7. Additional Best Practices
- RBAC & Security:
- Secure access to kubelet metrics (
/metrics/cadvisor
). - Use SSL/TLS if needed, along with appropriate certificates.
- Restrict who can query your metrics endpoints.
- Secure access to kubelet metrics (
- Limit Over-Collection:
- High-frequency scraping can lead to large data volumes and performance overhead.
- Consider adjusting scrape intervals or sampling strategies.
- Resource Requests & Limits:
- Ensure the Prometheus server has enough CPU/memory to handle the ingestion load.
- Tune retention times, storage volume, and potential remote write solutions.
- High Availability:
- Run multiple Prometheus replicas if you need HA.
- Tools like Thanos or Cortex can replicate data across multiple Prometheus instances.
- Extend with Logs & Tracing:
- For a full observability stack, add log aggregation (e.g., Fluentd, Loki, Splunk) and distributed tracing (e.g., Jaeger, OpenTelemetry).
- This helps correlate metrics with logs and traces for faster root cause analysis.
In Summary
- cAdvisor (built into kubelet) collects container-level CPU/memory metrics.

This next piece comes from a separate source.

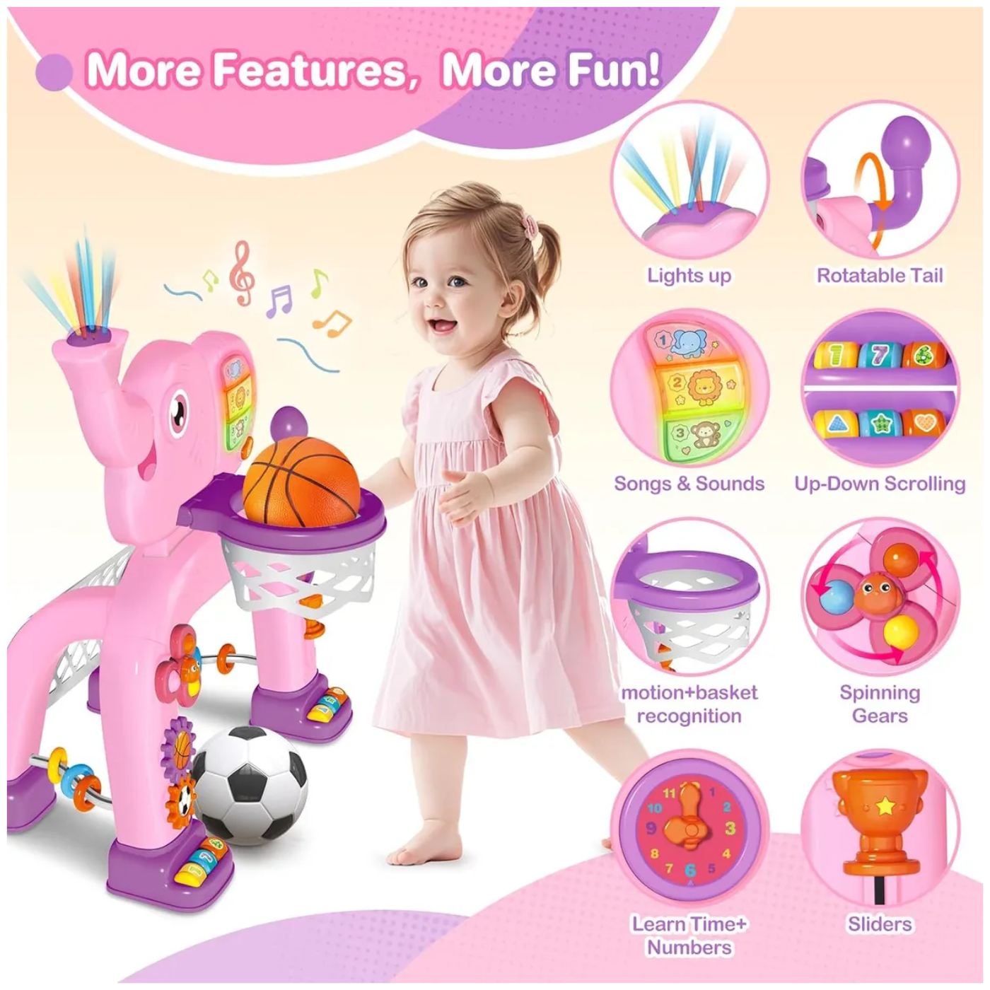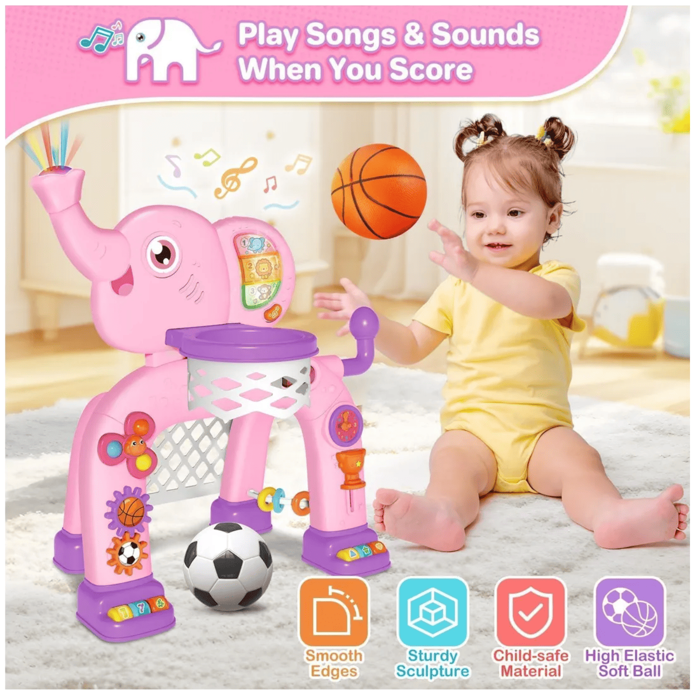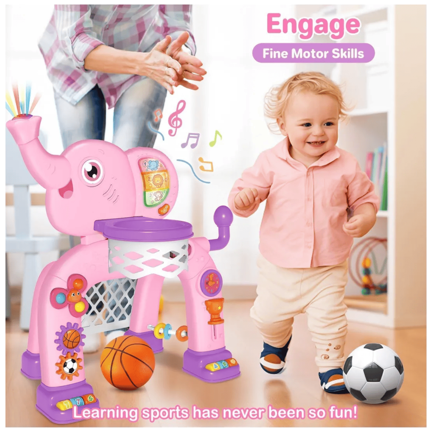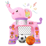 La Canasta Elefante 2 en 1 es el juguete perfecto para incentivar la actividad física y el desarrollo motriz de los más pequeños. Su divertido diseño con forma de elefante combina una canasta de baloncesto y una portería de fútbol, permitiendo a los niños disfrutar de diferentes juegos en un solo producto. Además, sus colores llamativos y detalles encantadores estimulan la creatividad, coordinación y equilibrio durante el juego.

- Node Exporter provides OS-level metrics from each node.
- kube-state-metrics exposes cluster resource and object metrics.
- Metrics Server is essential for the Horizontal Pod Autoscaler.
- Prometheus (scraping) + Grafana (dashboards) is the most common open-source solution.
By installing these components (often packaged together with the Prometheus Operator or the kube-prometheus-stack Helm chart), you’ll have a comprehensive view of container, pod, node, and cluster-level metrics in Kubernetes, all accessible for visualization and alerting.